Doing is not a property or consequence of being, but being is an accident
and effect of doing. All substantiality is derivative, activity is primal;
_being arises from doing_. The ego is nothing more than self-position; it
exists not only for itself (_für sich_), but also through itself (_durch
sich_).
[Footnote 1: The ego spoken of in the first of the principles, the ego as
the object of intellectual intuition and as the ground and creator of all
being, is, as the second _Introduction to the Science of Knowledge_ clearly
announces, not the individual, but the I-ness _(Ichheit)_ (which is to be
presupposed as the prius of the manifold of representation, and which is
exalted above the opposition of subject and object), mentality in general,
eternal reason, which is common to all and the same in all, which is
present in all thinking and at the basis thereof, and to which particular
persons stand related merely as accidents, as instruments, as special
expressions, destined more and more to lose themselves in the universal
form of reason. But, further still, a distinction must be made between the
absolute ego as intuition (as the form of I-ness), from which the Science
of Knowledge starts, and the ego as Idea (as the supreme goal of practical
endeavor) with which it ends. In neither is the ego conceived as
individual; in the former the I-ness is not yet determined to the point of
individuality, in the latter individuality has disappeared, Fichte is right
when he thinks it remarkable that "a system whose beginning and end and
whole nature is aimed at forgetfulness of individuality in the theoretical
sphere and denial of it in the practical sphere" should be "called egoism."

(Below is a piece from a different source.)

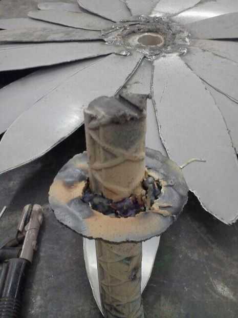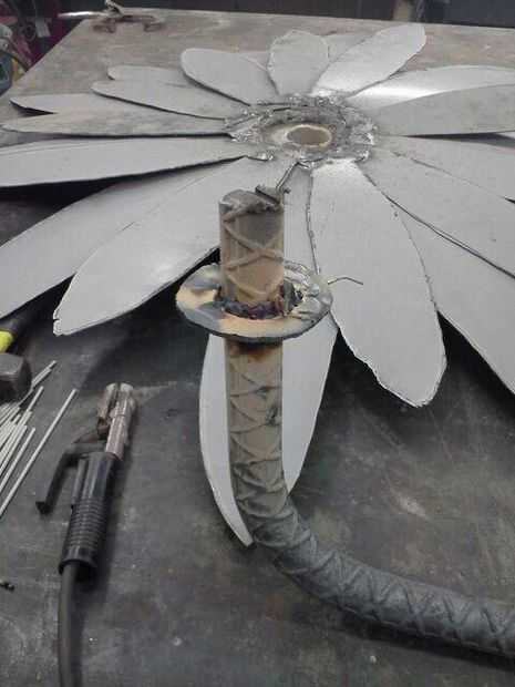 Entonces hice a una arandela las soldaduras interiores para la soldadura exterior tallo y voluntad a la flor.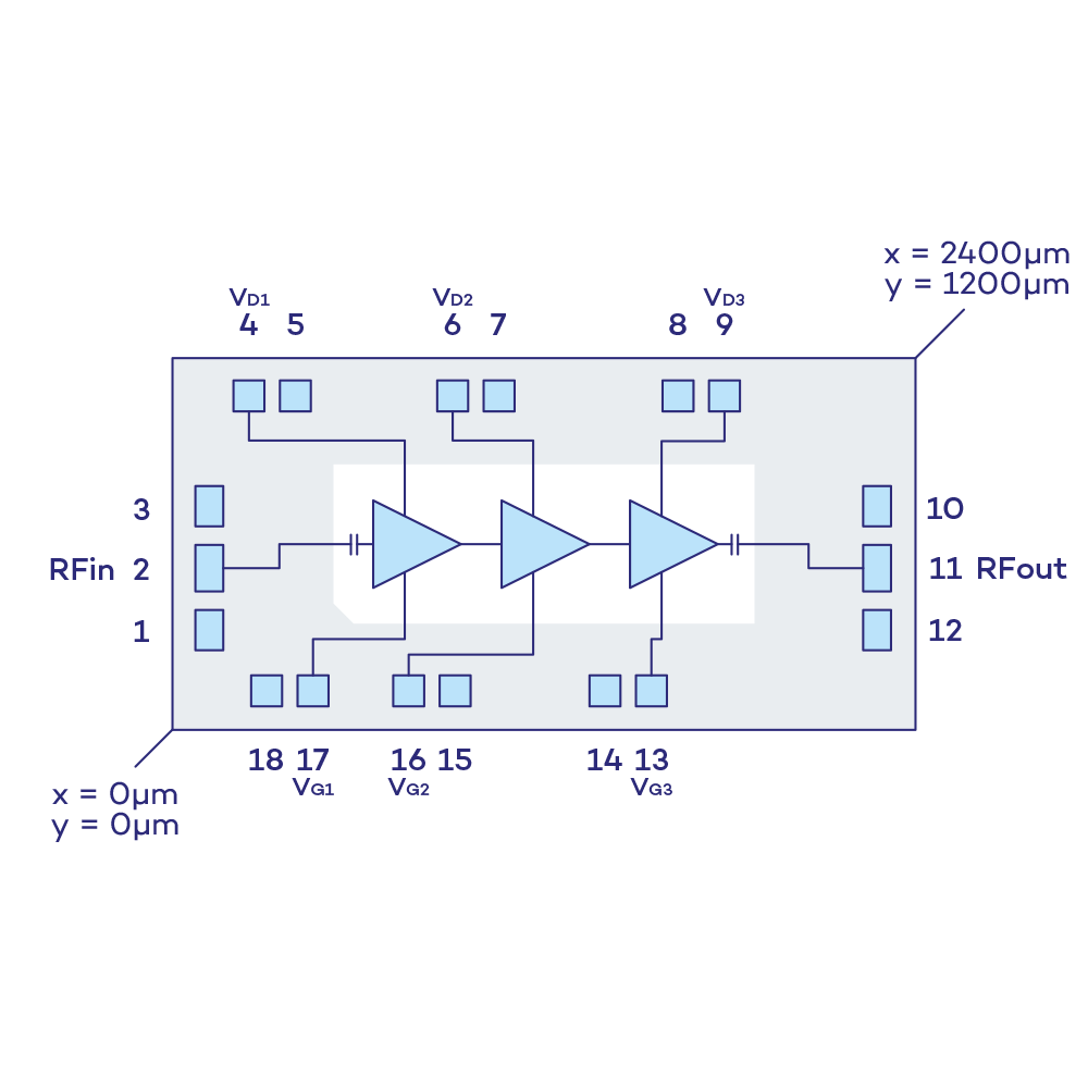 It is manufactured with a 100nm pHEMT GaAs process and is especially suited for radar and for telecommunication applications.

And yet not only opponents, but even adherents of Fichte, as is shown by
_Friedrich Schlegel's_ philosophy of genius, have, by confusing the pure
and the empirical ego, been guilty of the mistake thus censured. On the
philosophy of the romanticists cf. Erdmann's _History_, vol. ii. §§ 314,
315; Zeller, p. 562 _seq_.; and R. Haym, _Die Romantische Schule_, 1870.]
The actions expressed in the three principles are never found pure in
experience, nor do they represent isolated acts of the ego. Intelligence
can think nothing without thinking itself therewith; it is equally
impossible for it to think "I am" without at the same time thinking
something else which is not itself; subject and object are inseparable.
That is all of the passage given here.